In this case title had passed. The goods belonged to the Hauck Food Products Corporation. If the goods came up to the standard, the seller was not in default and the buyer could not be said to be protecting itself by rejecting them, because it would be rejecting its own goods. The performance of the contract had progressed so far that all the buyer could do was to examine the goods and if they came up to the standard, to accept them, since the goods were its property. Then it must pay the contract price. If the goods were not up to standard, it had the right to reject the goods and to presume that the seller, being insolvent, could do nothing else by way of performance. Closing out the contract would then consist of rejecting the goods and of going into the market to buy the goods contracted for, charging the "difference" in price, if any, to the account of the seller.
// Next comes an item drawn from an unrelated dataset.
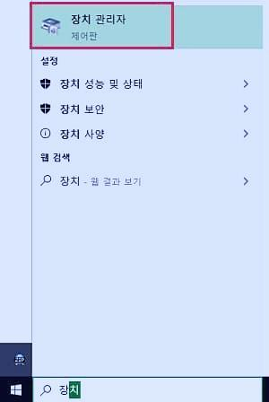 윈도우즈 작업표시줄의 검색창에 장치 관리자라고 타이핑한 후 장치 관리자를 클릭하여 실행시킵니다.

When the Hauck Food Products Corporation refused to accept the goods, it was simply refusing to accept goods which belonged to itself and when it refused to examine the goods it refused to protect itself in the only possible way open to it. As the matter then stood, there was no right to "close the contract" within the meaning of the clause in question and the Hauck Food Products Corporation is obligated to pay the damages arising out of its own default. The counterclaim was improperly dismissed upon the merits.
I concur in the conclusion of Mr. Justice KELLOGG that the judgment should be reversed and a new trial granted.
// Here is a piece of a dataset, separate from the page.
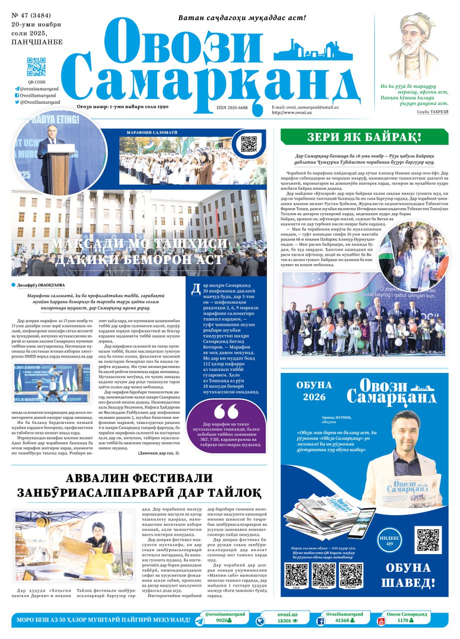 Joriy yilning 20-noyabr kuni viloyat o‘simliklar karantini va himoyasi boshqarmasi matbuot kotibi Baxtigul G‘aniуevaning "Yerlardan samarali foydalanish - hosildorlikni oshirish omili" deb nomlangan maqolasi “Ovozi tojik” gazetasida tojik tilida chop etildi.

I find myself unable to assent to the conclusion of the presiding justice that the judgment dismissing the counterclaim ought to be reversed.
The counterclaim is based upon a contract between the plaintiff and E.F. Drew Co., Inc., for the sale of a quantity of soya bean oil to be delivered f.o.b. San Francisco for shipment to the plaintiff at Kingston, N Y
The contract contained the following provisions: "If before the completion of the contract either party thereto shall suspend payment, or become bankrupt or insolvent, the other party upon notice being given to the defaulter, shall close the contract forthwith, any difference to be for the account of the defaulter."
It is the duty of parties to a contract to carry it out according to its terms and spirit and not to attempt to avoid it because the market for the commodity sold happens to be falling rather than rising. The plaintiff seeks to avoid the claim of the defendant that he should pay for the oil by maintaining that the contract contains terms excusing him.
Plaintiff asserts that before the completion of the contract the defendant became insolvent. This claim would constitute an excuse for refusal to receive the shipment and pay for it if it were well founded.
The defendant claims it is not well founded for two reasons: First, that the contract had been completed at the time of plaintiff's refusal to pay the draft made upon it for its oil. There is no division of opinion upon the question as to whether by completion is meant completion of the making of the contract or embraces completion of performance. I incline to the view that there can be no completion of a contract between the makers until both sides have carried the contract through by performance, and agree with the view of the presiding justice that a party cannot claim a benefit under a contract by reason of his own failure to perform. That would simply amount to giving a reward to a party because of his own wrong.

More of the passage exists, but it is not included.